A nuestro pueblo llegaban, casi a diario, en agosto y septiembre, multitudes de gentes a las que los rojos obligaban abandonar sus pueblos de lo alto de la sierra, en cuanto éstos se veían amenazados por el avance nacional. Se lamentaban de la pérdida de su vaca, gallinas, sus cerdos, que habían tenido que abandonar. La mayoría de las veces venían a pie cargados con sus hatillos que contenían lo más necesario de su ajuar, unos pocos cacharros, y dejando atrás muchos kilómetros. Algunos traían un borriquillo. Los alojaban en las muchas casas vacías de nuestra colonia, pero, pronto, a los pocos días, tenían que ceder ante la nueva oleada que venía y seguir para abajo, hacia el Mediterráneo. Eran personas cuya vida entera había transcurrido en su terruño, aunque fuera en una pobre aldea de montaña, y que ahora, desarraigadas y desmoralizadas, se veían empujadas de acá para allá a un mundo extraño a ellas. Desde luego no eran rojos, pero sí eran «pueblo» y en su círculo estrecho, habían vivido lo malo y lo bueno. Se habían convertido en víctimas de la furia destructora roja, que quería dejar a los «otros» un país despoblado, sin tomar en consideración el hecho de que, al privar a sus conciudadanos de asentamiento, también les quitaban su resistencia moral. Tenían que convertirse en «rojos»; en parte, por el temor a los «nacionales», que se les infundía y, en parte precisamente por el desarraigo, la pérdida de tierras, casa y demás bienes.
Este sistema lo aplicaron en todas partes y, más adelante, incluso en las provincias entre Badajoz y Madrid, que tomaron los nacionales. Éstos encontraban a su paso, siempre pueblos vacíos: en todas partes la gente se había visto obligada a abandonarlos, juntamente con los rojos.
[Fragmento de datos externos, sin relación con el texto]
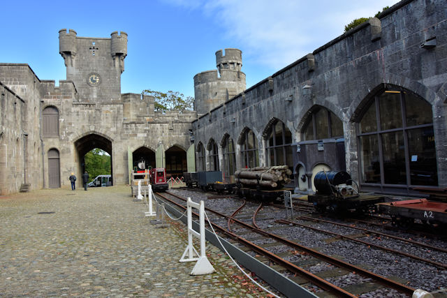 Outside artefacts in Penrhyn Castle railway museum

En columnas interminables cruzaban Madrid, a pie, en carros de mulas, algunos, prosiguiendo una transmigración miserable, hacia una nueva miseria. Muchos intentaban agarrarse a Madrid, se guarnecían hasta en socavones en el suelo, pero el propio Madrid no tenía comida. Así, levantaron bandera contra ellos —inmigrantes forzosos— y los empujaron más allá todavía; «apartándolos» hacia los pueblos de las provincias mediterráneas donde los ya residentes los recibían como una invasión inesperada, que venía a alterar su vida. Yo mismo hablé con esos refugiados y les pregunté: «¿por qué no os quedasteis en el pueblo? Para vosotros no había peligro, no intervinisteis en la lucha por el pueblo, y los que lo hicieron ya lo habían abandonado». Lo primero que decían era: «nos dijeron que al llegar los ‘moros’ matarían a todos los hombres y abusarían de mujeres y niños». Yo les decía: «¿y os habéis creído todo? No sólo vienen moros, sino también españoles y esos son como vosotros, no son bestias… con ellos podéis hablar». «Sí, pero no podíamos decir nada. Las milicias entraron en el pueblo y nos dijeron: ‘dentro de dos horas os tenéis que marchar todos, y al que se quede, lo fusilamos’».
No había nadie a quien esta pobre gente pudiera recurrir para recibir protección o consuelo. El alcalde era, en general, uno de los peores compadres del pueblo, incondicional partidario de los milicianos entre los que estaban sus cómplices y no había vecino ni labrador respetable que confiara en él. No existía más autoridad que ésa; todos los párrocos habían desaparecido, huidos o fusilados. No había más solución que abandonar casa y hacienda y, con lo poco que el borrico o cada uno pudiera cargar, ponerse en camino, rumbo a lo desconocido, junto con las mujeres y los niños, que iban llorando. No era la guerra, sino la política roja la que esto exigía.